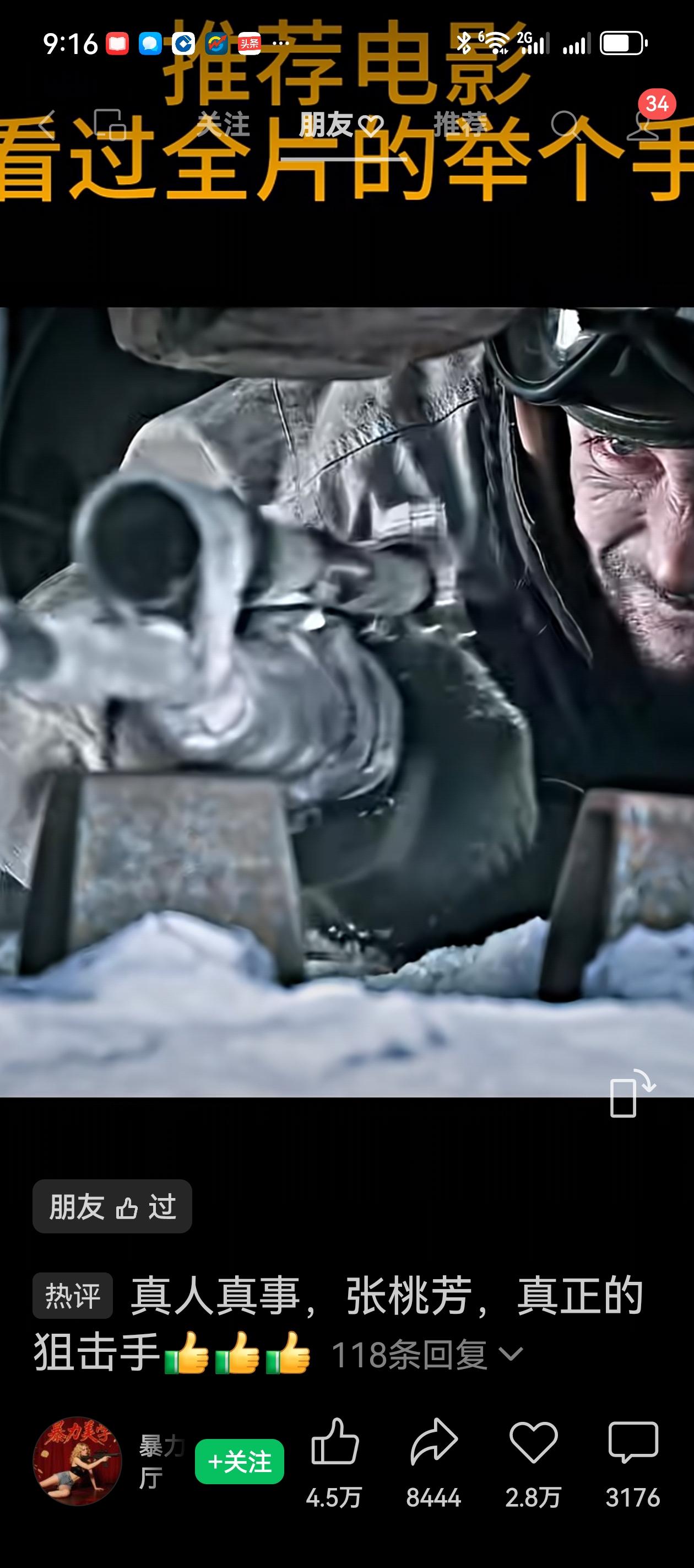 张桃芳在上甘岭战役中,436发子弹击毙214名敌人,令美军闻风丧胆。 张桃芳(1931年7月4日—2007年10月29日),江苏兴化人,中国人民志愿军著名狙击手、被誉为“志愿军神枪手”、“冷枪英雄”、“上甘岭狙神”。 1953年在上甘岭战役中,使用莫辛纳甘步枪,32天内以436发子弹击毙214名敌军,创志愿军单人狙击最高纪录。 荣誉:荣立特等功,获“二级狙击英雄”称号及朝鲜一级国旗勋章。 他1954年调入空军,成为歼击机飞行员,退役后任防空部队参谋长。 2007年10月29日于英雄在山东潍坊逝世,享年77岁。 请朋友们留下一句:致敬英雄[祈祷][祈祷][祈祷][祈祷][祈祷][祈祷]
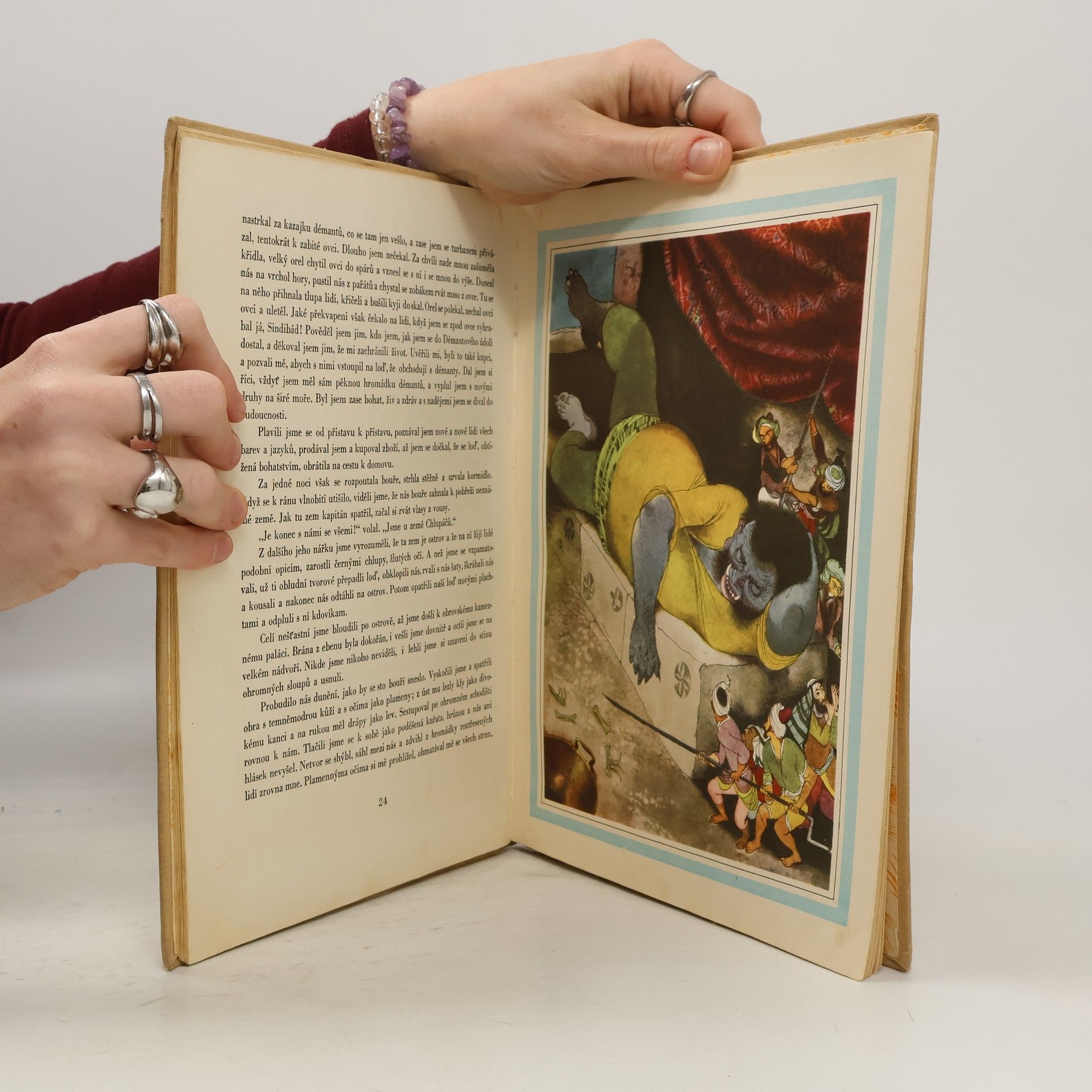 Výbor sedmi nejhezčích pohádek z Tisíce a jedné noci (Pohádka o ebenovém koni, Dobrodružství Sindibáda Námořníka, Pohádka o Džaudarovi a jeho bratrech, Alí Baba a čtyřicet loupežníků, Pohádka o Abdalláhovi Zemském a Abdalláhovi Mořském, Pohádka o Abú Kírovi a Abú Sírovi, Aládín akouzelná lampa). V bohaté fantazii probíhají rušné děje plné překvapivosti, vyjadřující dávné touhy prostých lidí po šťastném životě bez bídy a zla. Básník uvádí výbor půvabnou veršovanou pohádkou o Chytré Šahrazád a malíř vytvořil řadu působivých pohádkových ilustrací, plných barvité cizokrajnosti.
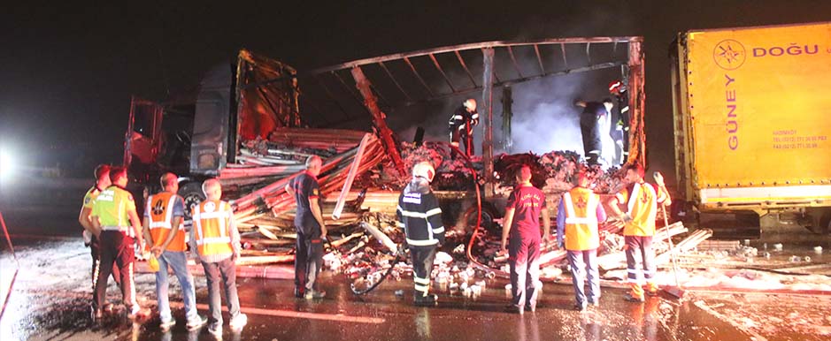 Durumu fark eden sürücü kamyonu yolun kenarına park ederek, alevleri kendi imkanlarıyla söndürmeye çalıştı.
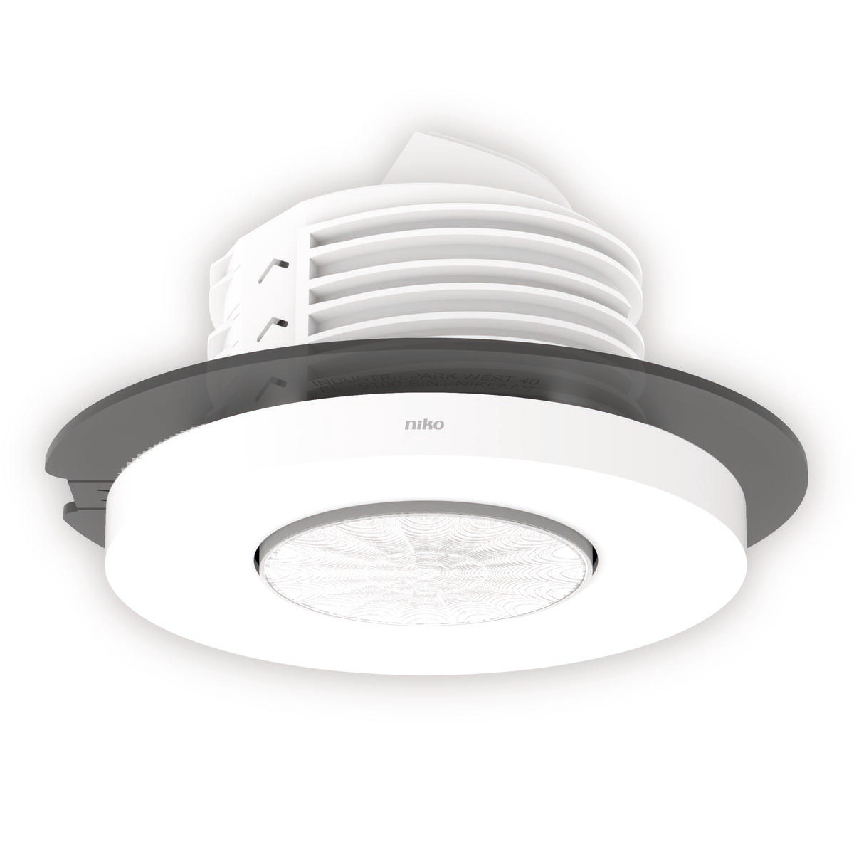 Sensoren har et flatt og diskret design som passer inn i ethvert interiør. Fargen kan lett endres til svart ved å bytte ut dekkringen.

::::

ABOUT THIS EXERCISE
Give back the full listing above word for word, and let no picture through.

RESPONSE BOX
 张桃芳在上甘岭战役中,436发子弹击毙214名敌人,令美军闻风丧胆。 张桃芳(1931年7月4日—2007年10月29日),江苏兴化人,中国人民志愿军著名狙击手、被誉为“志愿军神枪手”、“冷枪英雄”、“上甘岭狙神”。 1953年在上甘岭战役中,使用莫辛纳甘步枪,32天内以436发子弹击毙214名敌军,创志愿军单人狙击最高纪录。 荣誉:荣立特等功,获“二级狙击英雄”称号及朝鲜一级国旗勋章。 他1954年调入空军,成为歼击机飞行员,退役后任防空部队参谋长。 2007年10月29日于英雄在山东潍坊逝世,享年77岁。 请朋友们留下一句:致敬英雄[祈祷][祈祷][祈祷][祈祷][祈祷][祈祷]
 Výbor sedmi nejhezčích pohádek z Tisíce a jedné noci (Pohádka o ebenovém koni, Dobrodružství Sindibáda Námořníka, Pohádka o Džaudarovi a jeho bratrech, Alí Baba a čtyřicet loupežníků, Pohádka o Abdalláhovi Zemském a Abdalláhovi Mořském, Pohádka o Abú Kírovi a Abú Sírovi, Aládín akouzelná lampa). V bohaté fantazii probíhají rušné děje plné překvapivosti, vyjadřující dávné touhy prostých lidí po šťastném životě bez bídy a zla. Básník uvádí výbor půvabnou veršovanou pohádkou o Chytré Šahrazád a malíř vytvořil řadu působivých pohádkových ilustrací, plných barvité cizokrajnosti.
 Durumu fark eden sürücü kamyonu yolun kenarına park ederek, alevleri kendi imkanlarıyla söndürmeye çalıştı.
 Sensoren har et flatt og diskret design som passer inn i ethvert interiør. Fargen kan lett endres til svart ved å bytte ut dekkringen.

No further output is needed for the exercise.